-- Excerpts from a dataset --

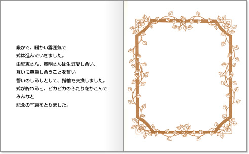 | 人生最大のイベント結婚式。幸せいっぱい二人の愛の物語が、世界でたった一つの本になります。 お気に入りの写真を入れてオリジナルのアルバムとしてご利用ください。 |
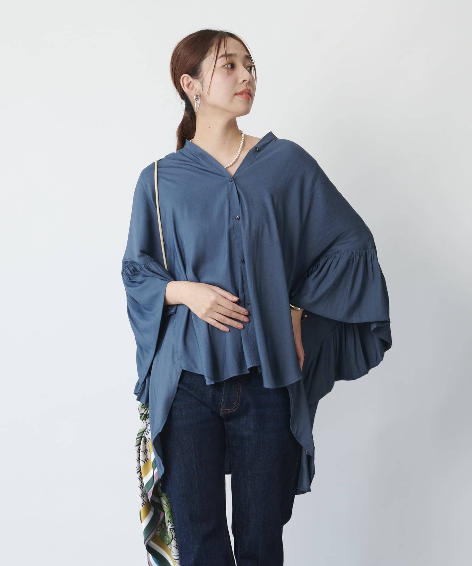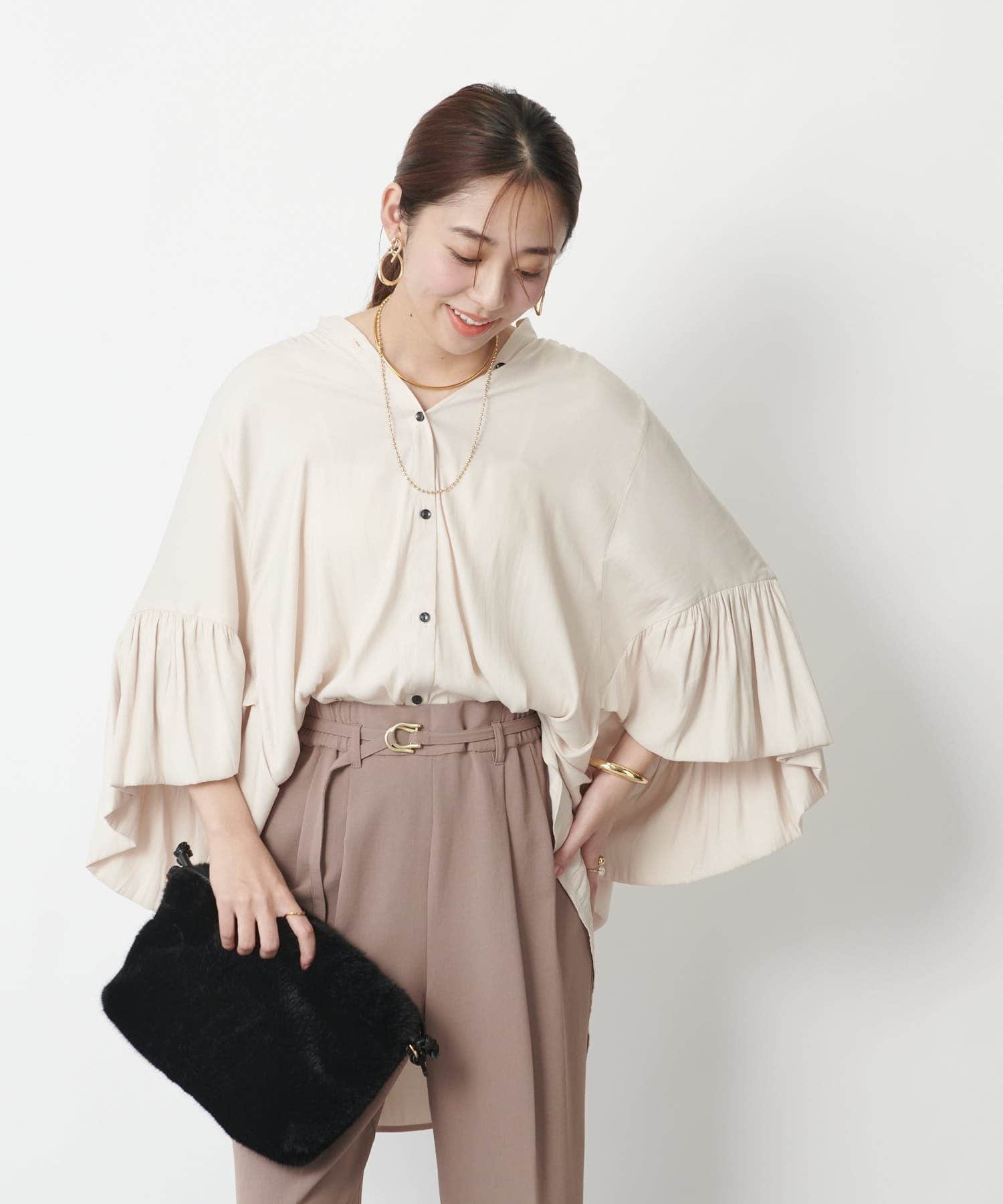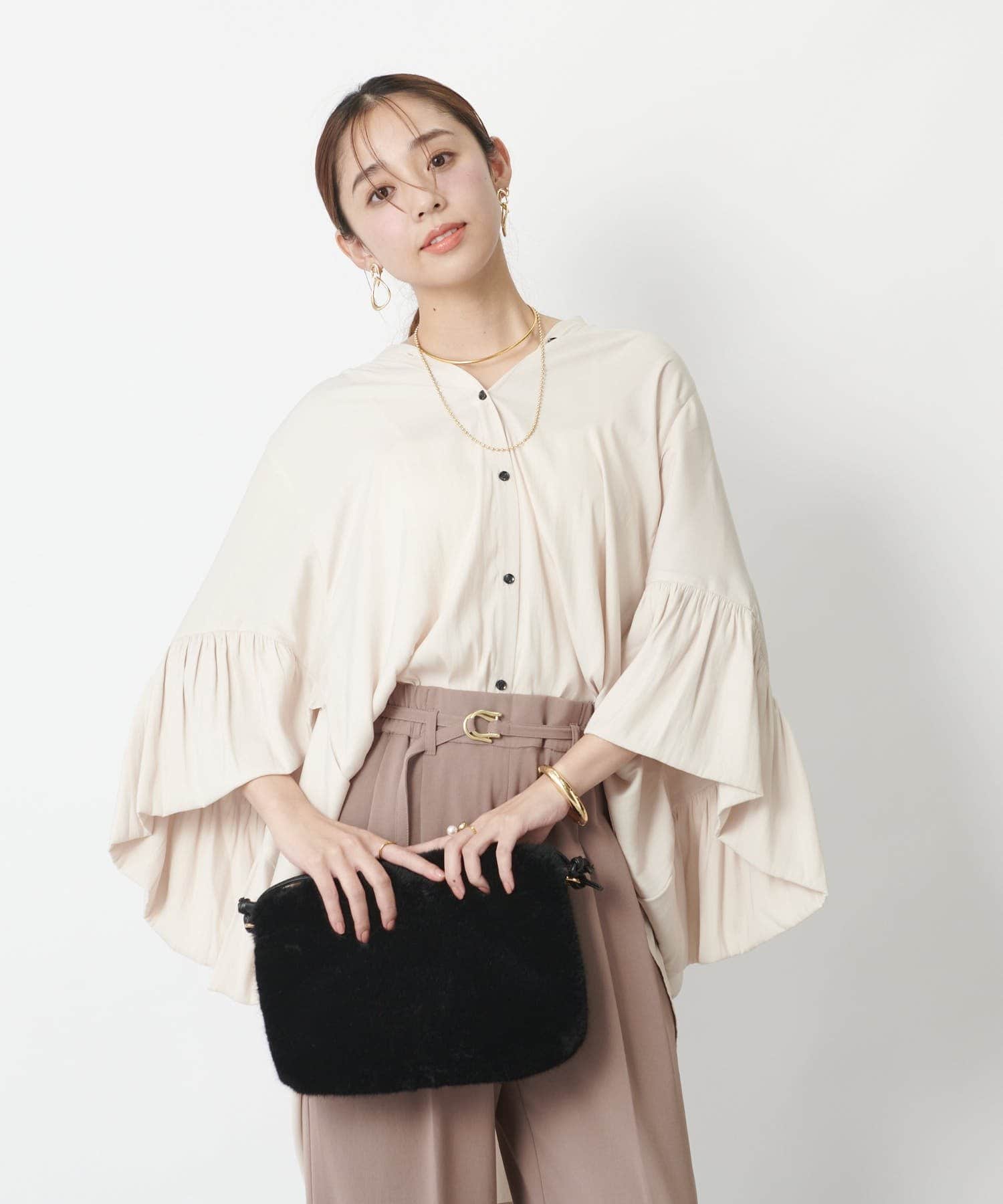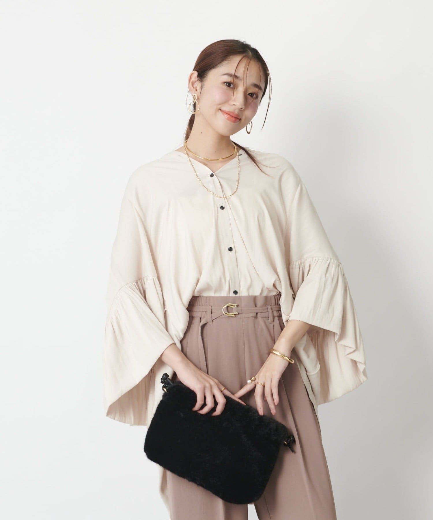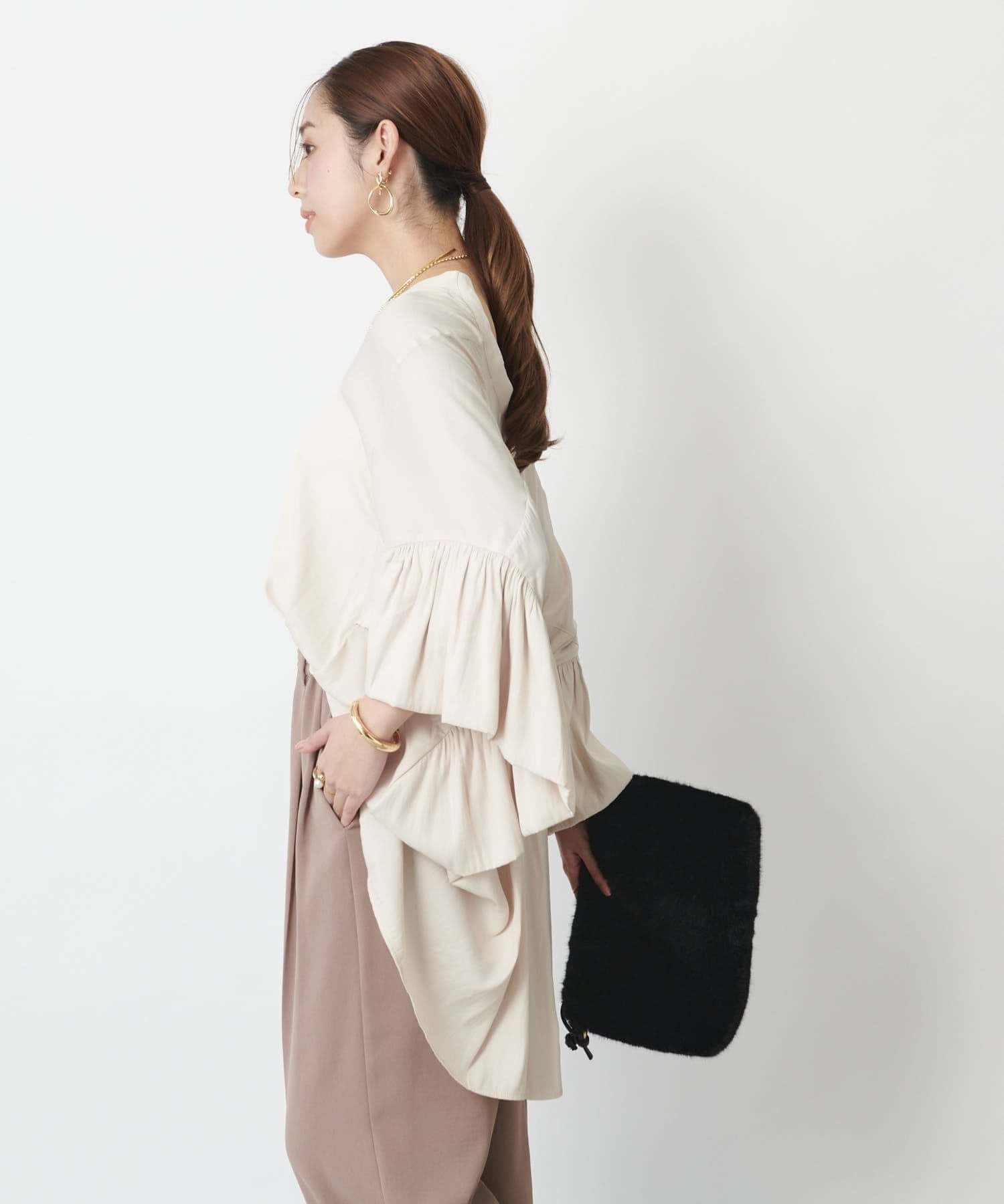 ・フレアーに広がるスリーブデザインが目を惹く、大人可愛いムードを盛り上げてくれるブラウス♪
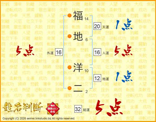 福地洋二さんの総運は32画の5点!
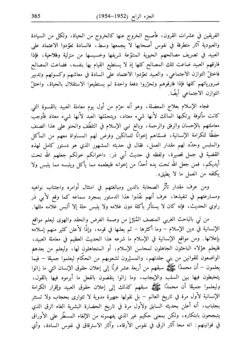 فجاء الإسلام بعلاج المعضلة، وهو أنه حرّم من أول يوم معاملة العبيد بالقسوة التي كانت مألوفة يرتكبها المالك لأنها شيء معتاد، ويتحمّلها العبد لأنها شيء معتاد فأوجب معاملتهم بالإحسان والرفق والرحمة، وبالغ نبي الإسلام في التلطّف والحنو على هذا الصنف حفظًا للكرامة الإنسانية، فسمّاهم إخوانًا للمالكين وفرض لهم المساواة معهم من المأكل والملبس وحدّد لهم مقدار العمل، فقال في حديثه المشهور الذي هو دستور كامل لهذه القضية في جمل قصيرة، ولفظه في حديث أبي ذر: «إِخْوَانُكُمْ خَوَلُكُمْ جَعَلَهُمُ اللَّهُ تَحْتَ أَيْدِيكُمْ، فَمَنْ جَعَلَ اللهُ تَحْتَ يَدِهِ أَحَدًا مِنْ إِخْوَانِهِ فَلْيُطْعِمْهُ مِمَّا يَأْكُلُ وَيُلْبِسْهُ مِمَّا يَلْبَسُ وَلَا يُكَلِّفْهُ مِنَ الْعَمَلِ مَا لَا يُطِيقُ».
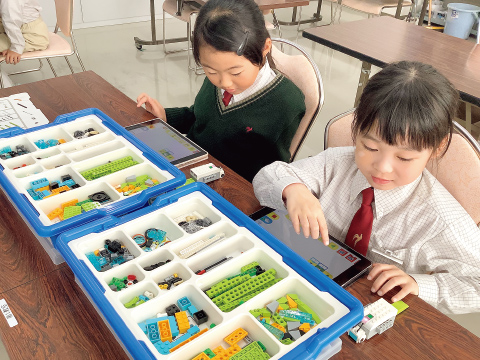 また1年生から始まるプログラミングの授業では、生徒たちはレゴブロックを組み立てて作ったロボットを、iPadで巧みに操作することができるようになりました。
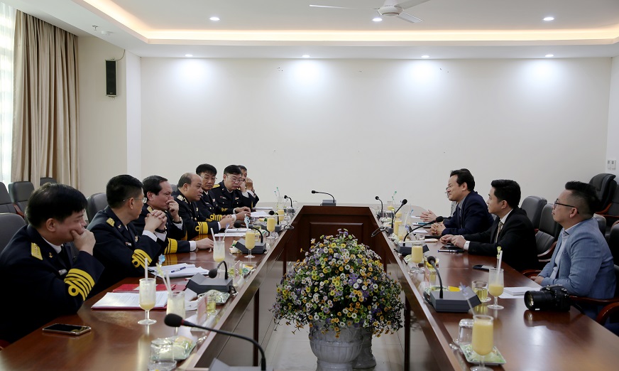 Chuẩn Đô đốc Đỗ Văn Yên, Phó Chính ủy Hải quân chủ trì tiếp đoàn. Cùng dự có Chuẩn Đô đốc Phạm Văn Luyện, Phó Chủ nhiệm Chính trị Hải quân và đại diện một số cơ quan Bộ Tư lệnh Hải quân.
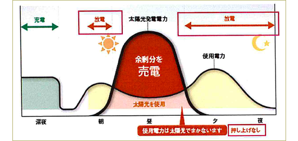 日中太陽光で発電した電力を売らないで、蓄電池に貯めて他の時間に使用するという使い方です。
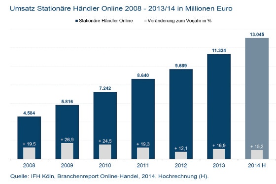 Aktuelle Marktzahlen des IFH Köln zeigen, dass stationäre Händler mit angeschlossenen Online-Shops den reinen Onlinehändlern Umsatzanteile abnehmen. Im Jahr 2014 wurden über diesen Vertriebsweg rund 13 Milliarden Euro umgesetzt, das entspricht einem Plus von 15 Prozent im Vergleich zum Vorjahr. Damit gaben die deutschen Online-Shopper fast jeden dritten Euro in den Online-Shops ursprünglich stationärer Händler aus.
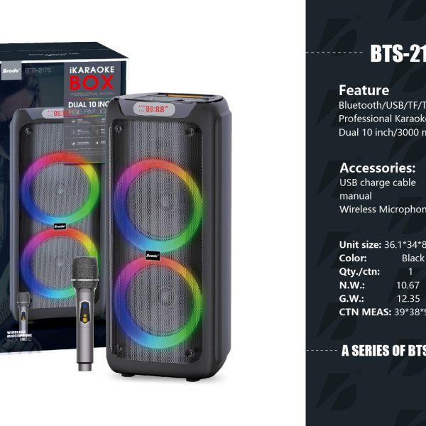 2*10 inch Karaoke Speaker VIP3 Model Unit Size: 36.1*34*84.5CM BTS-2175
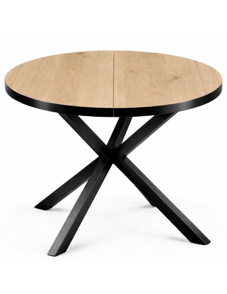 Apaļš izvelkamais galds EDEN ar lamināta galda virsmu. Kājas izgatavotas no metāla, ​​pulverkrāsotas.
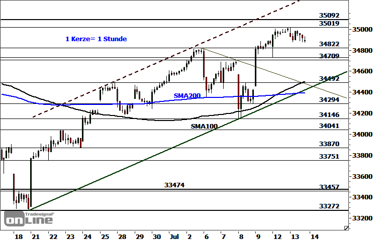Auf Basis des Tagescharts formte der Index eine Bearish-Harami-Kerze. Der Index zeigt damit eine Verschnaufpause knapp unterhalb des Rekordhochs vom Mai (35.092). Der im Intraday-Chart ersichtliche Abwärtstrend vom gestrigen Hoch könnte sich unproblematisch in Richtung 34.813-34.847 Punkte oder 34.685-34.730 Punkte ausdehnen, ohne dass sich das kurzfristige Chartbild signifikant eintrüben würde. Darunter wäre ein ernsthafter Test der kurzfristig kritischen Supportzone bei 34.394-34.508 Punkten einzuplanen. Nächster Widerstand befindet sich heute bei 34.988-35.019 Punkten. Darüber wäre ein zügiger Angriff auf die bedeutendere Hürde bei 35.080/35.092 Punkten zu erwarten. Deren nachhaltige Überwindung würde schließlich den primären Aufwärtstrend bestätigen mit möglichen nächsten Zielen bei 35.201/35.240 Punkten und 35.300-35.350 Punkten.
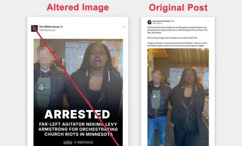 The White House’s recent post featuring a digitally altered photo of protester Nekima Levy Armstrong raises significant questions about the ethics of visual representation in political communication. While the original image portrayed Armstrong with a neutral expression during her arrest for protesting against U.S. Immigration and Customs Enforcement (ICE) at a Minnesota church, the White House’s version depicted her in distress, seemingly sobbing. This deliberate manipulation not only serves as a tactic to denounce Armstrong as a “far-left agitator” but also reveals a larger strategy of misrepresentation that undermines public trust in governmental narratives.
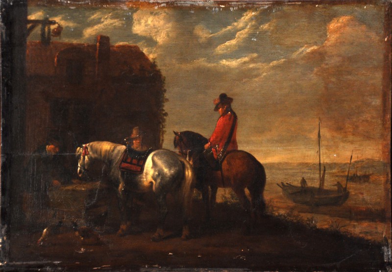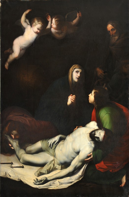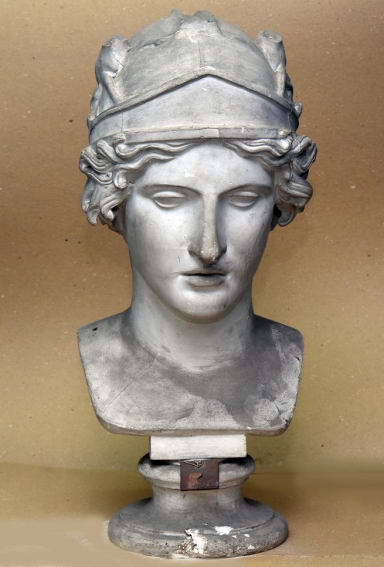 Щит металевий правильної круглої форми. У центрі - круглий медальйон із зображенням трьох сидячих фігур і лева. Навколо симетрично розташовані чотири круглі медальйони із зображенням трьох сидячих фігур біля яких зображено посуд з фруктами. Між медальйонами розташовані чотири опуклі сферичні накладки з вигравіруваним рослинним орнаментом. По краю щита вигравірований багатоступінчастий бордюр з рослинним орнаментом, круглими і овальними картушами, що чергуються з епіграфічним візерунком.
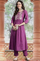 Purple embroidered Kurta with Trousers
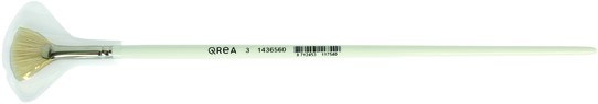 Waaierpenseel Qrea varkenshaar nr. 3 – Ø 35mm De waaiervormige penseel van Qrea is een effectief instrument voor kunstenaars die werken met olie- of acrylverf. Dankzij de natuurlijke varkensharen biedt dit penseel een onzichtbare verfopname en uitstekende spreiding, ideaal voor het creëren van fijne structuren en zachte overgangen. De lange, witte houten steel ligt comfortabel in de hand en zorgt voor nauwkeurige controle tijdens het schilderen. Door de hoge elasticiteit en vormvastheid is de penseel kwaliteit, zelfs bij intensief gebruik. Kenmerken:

-- YOUR INSTRUCTIONS --
Repeat exactly the lines from the first line of the records above through the line containing "日中太陽光で発電した電力を売", leaving out the pictures.

-- SOLVED EXERCISE --
 | 人生最大のイベント結婚式。幸せいっぱい二人の愛の物語が、世界でたった一つの本になります。 お気に入りの写真を入れてオリジナルのアルバムとしてご利用ください。 |
 ・フレアーに広がるスリーブデザインが目を惹く、大人可愛いムードを盛り上げてくれるブラウス♪
 福地洋二さんの総運は32画の5点!
 فجاء الإسلام بعلاج المعضلة، وهو أنه حرّم من أول يوم معاملة العبيد بالقسوة التي كانت مألوفة يرتكبها المالك لأنها شيء معتاد، ويتحمّلها العبد لأنها شيء معتاد فأوجب معاملتهم بالإحسان والرفق والرحمة، وبالغ نبي الإسلام في التلطّف والحنو على هذا الصنف حفظًا للكرامة الإنسانية، فسمّاهم إخوانًا للمالكين وفرض لهم المساواة معهم من المأكل والملبس وحدّد لهم مقدار العمل، فقال في حديثه المشهور الذي هو دستور كامل لهذه القضية في جمل قصيرة، ولفظه في حديث أبي ذر: «إِخْوَانُكُمْ خَوَلُكُمْ جَعَلَهُمُ اللَّهُ تَحْتَ أَيْدِيكُمْ، فَمَنْ جَعَلَ اللهُ تَحْتَ يَدِهِ أَحَدًا مِنْ إِخْوَانِهِ فَلْيُطْعِمْهُ مِمَّا يَأْكُلُ وَيُلْبِسْهُ مِمَّا يَلْبَسُ وَلَا يُكَلِّفْهُ مِنَ الْعَمَلِ مَا لَا يُطِيقُ».
 また1年生から始まるプログラミングの授業では、生徒たちはレゴブロックを組み立てて作ったロボットを、iPadで巧みに操作することができるようになりました。
 Chuẩn Đô đốc Đỗ Văn Yên, Phó Chính ủy Hải quân chủ trì tiếp đoàn. Cùng dự có Chuẩn Đô đốc Phạm Văn Luyện, Phó Chủ nhiệm Chính trị Hải quân và đại diện một số cơ quan Bộ Tư lệnh Hải quân.
 日中太陽光で発電した電力を売らないで、蓄電池に貯めて他の時間に使用するという使い方です。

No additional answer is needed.